Each vote counts in picking leaders of local governments administering a whopping 1,240 trillion won ($1 trillion) for residents over the next four years. That amounts to 28 million won per voter. As more than 1 trillion won should be added to the figure in order to administer the nationwide elections, voters must weigh candidates very carefully.
As 20.62 percent of voters already cast their ballots in the preliminary voting on Friday and Saturday, we hope such a brisk pace continues today. In the last local elections in 2018, voter turnout was 20.14 percent.
But local elections this time rang alarms for our “grassroots democracy” as they appear to be an extension of the neck-and-neck presidential election on March 9. In today’s local elections, held 22 days after the launch of the conservative Yoon Suk-yeol administration, former presidential contenders — including Lee Jae-myung, Hong Joon-pyo, Ahn Cheol-soo and Kim Dong-yeon — are all running.
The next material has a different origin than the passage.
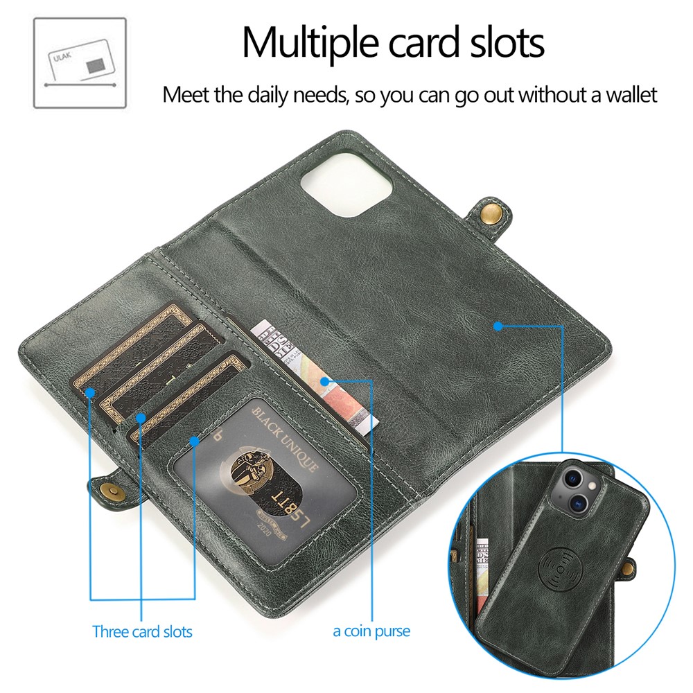 - Detachable 2-in-1 design. Retro PU leather wallet cover + TPU back case, absorbed by magnet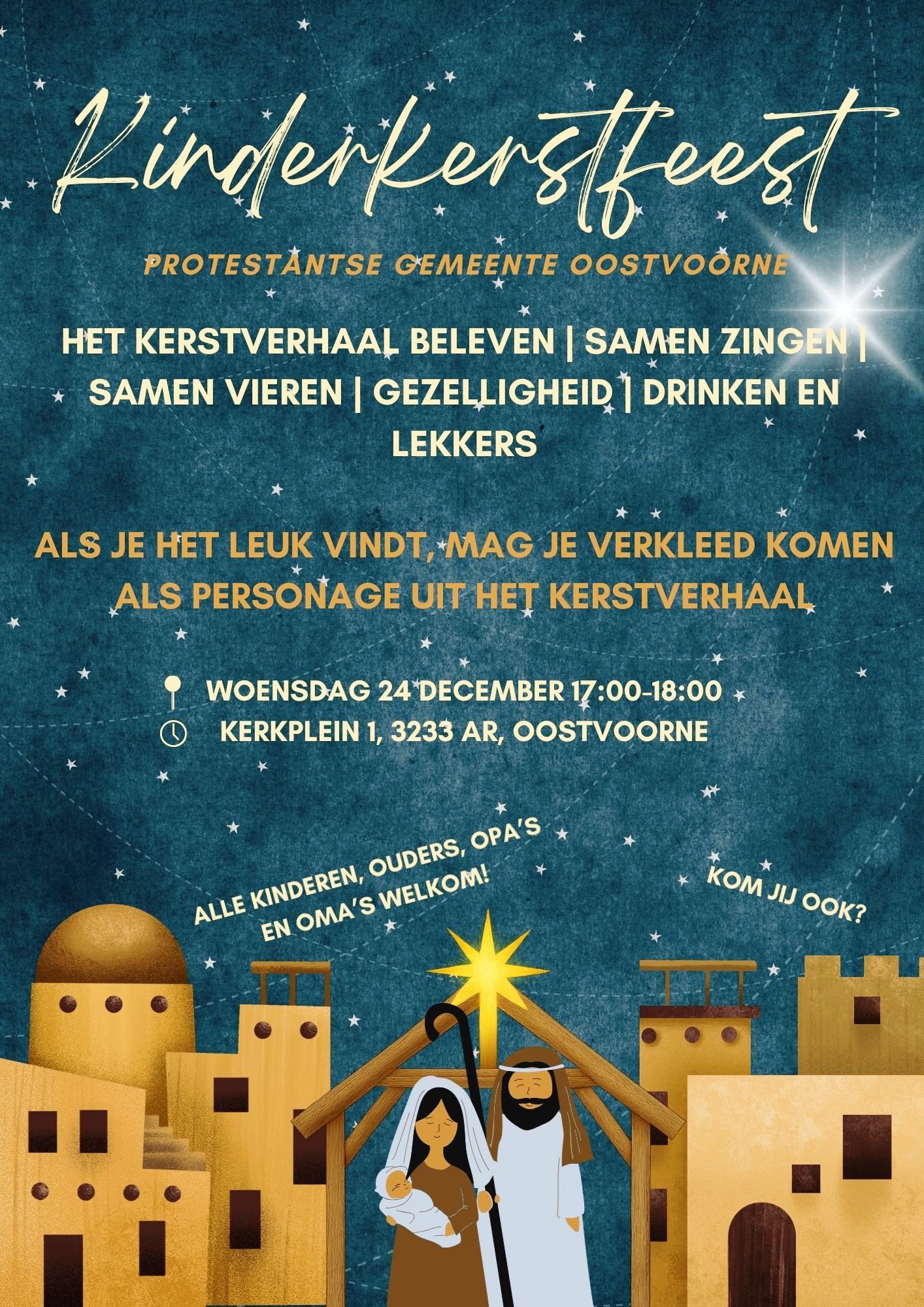 Op 24 december van 17:00 tot 18:00 uur ben je van harte welkom in de Dorpskerk van Oostvoorne voor een feestelijke Kinderkerstviering.

As a result, major political parties have approached the local elections as if they are an extended battle of central government politics. After Kwon Seong-dong, floor leader of the People Power Party (PPP), appealed to voters to “complete our victory in the presidential election with another triumph in the local elections,” Yoon Ho-joong, head of the emergency committee of the Democratic Party (DP), urged voters to “block the country from degenerating into a country for the privileged class as seen in the military dictatorship of the past.”
In this election, 509 candidates were already declared winners in as many as 321 constituencies after the PPP and the DP alternately nominated their candidates depending on the likelihood of victory of their candidates. The number of candidates declared winners even without voting is six times larger than that of the last local elections. The monopoly of the two parties in local elections casts a dark shadow over the future of our local autonomy because it critically restricts voter rights to choose. That’s not all. A total of 30.1 percent of candidates already declared winners before election day have criminal records.
Voters must deliberate carefully before actually voting.
A knee-jerk vote for candidates from certain parties must be avoided. Voters must choose their favorites from up to eight ballots this time. They must not forget that their vote counts.